What the task requires:
Please retype the records below exactly, leaving out any pictures.

Dataset entries:
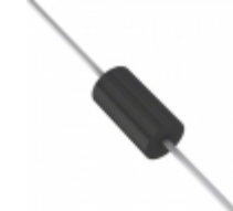
BZW06-10B STMicroelectronics TVS DIODE 10.2VWM 21.7VC DO15
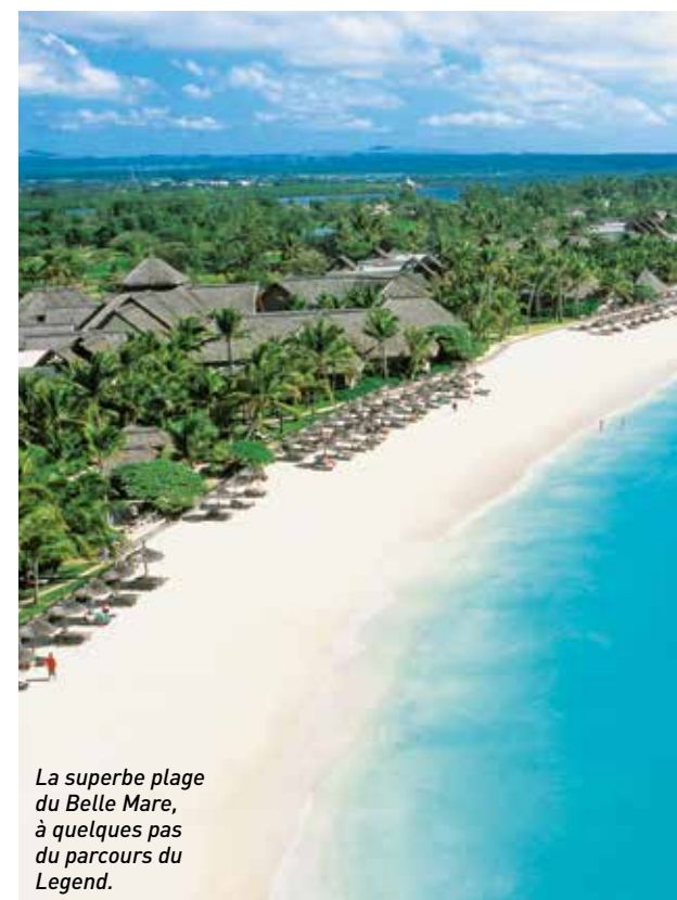
La superbe plage du Belle Mare, à quelques pas du parcours du Legend.
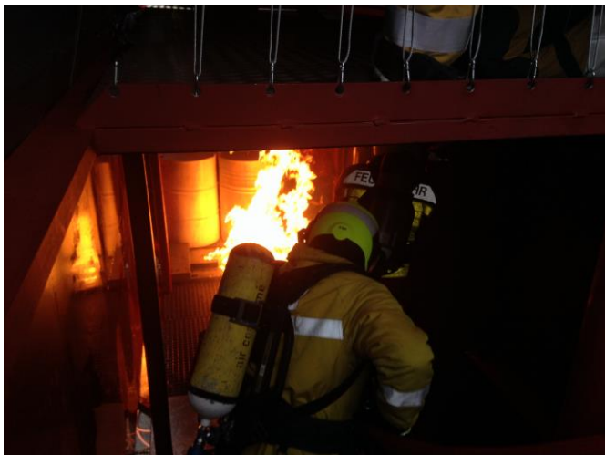
Brandcontainer im Schulungseinsatz

kurz über die Schwerpunkt und Ziele in der Ausbildung informieren. Es finden auch dieses Jahr Halbtagesübungen statt. Für gewisse Themen ist eine Abendübung halt einfach zu kurz. Deshalb bin ich überzeugt, dass es richtig ist, Halbtagesübungen durchzuführen. So wird wieder der Welab San sowie ein Teil der Atemschutzausbildung an Halbtagesübungen geschult. Damit wir das Training am Feuer weiterführen können, wird der Brandcontainer in die Ausbildung integriert. Weitere Schwergewichtsthemen sind die ABC-Wehr und das Atemschutznotfalltraining.
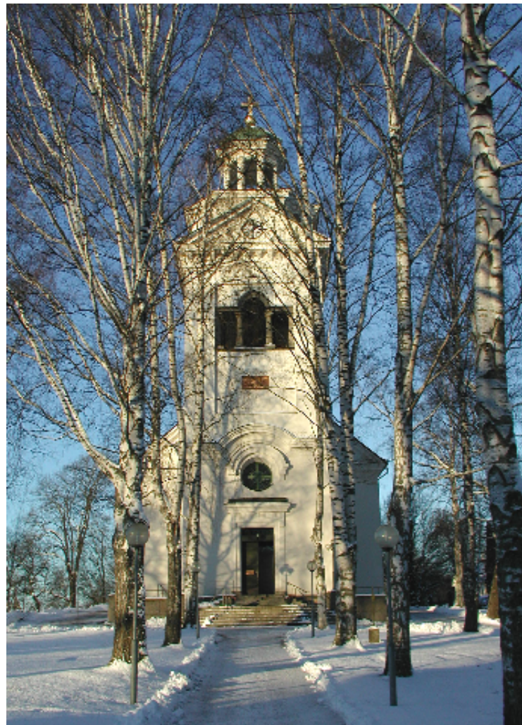
Gången rakt söderifrån fram till kyrkan anlades 1890-92, vid en större förnyelse och utvidgning av kyrkogården. Kyrkans yttre ingångstrappa med ramp tillbyggdes 1988

Långhuset har ett sadeltak täckt med falsade svarta plåtar i skivtäckning, medan tornets och lanterninens tak är kopparklädda.

Answer below:
BZW06-10B STMicroelectronics TVS DIODE 10.2VWM 21.7VC DO15
La superbe plage du Belle Mare, à quelques pas du parcours du Legend.
Brandcontainer im Schulungseinsatz

kurz über die Schwerpunkt und Ziele in der Ausbildung informieren. Es finden auch dieses Jahr Halbtagesübungen statt. Für gewisse Themen ist eine Abendübung halt einfach zu kurz. Deshalb bin ich überzeugt, dass es richtig ist, Halbtagesübungen durchzuführen. So wird wieder der Welab San sowie ein Teil der Atemschutzausbildung an Halbtagesübungen geschult. Damit wir das Training am Feuer weiterführen können, wird der Brandcontainer in die Ausbildung integriert. Weitere Schwergewichtsthemen sind die ABC-Wehr und das Atemschutznotfalltraining.
Gången rakt söderifrån fram till kyrkan anlades 1890-92, vid en större förnyelse och utvidgning av kyrkogården. Kyrkans yttre ingångstrappa med ramp tillbyggdes 1988

Långhuset har ett sadeltak täckt med falsade svarta plåtar i skivtäckning, medan tornets och lanterninens tak är kopparklädda.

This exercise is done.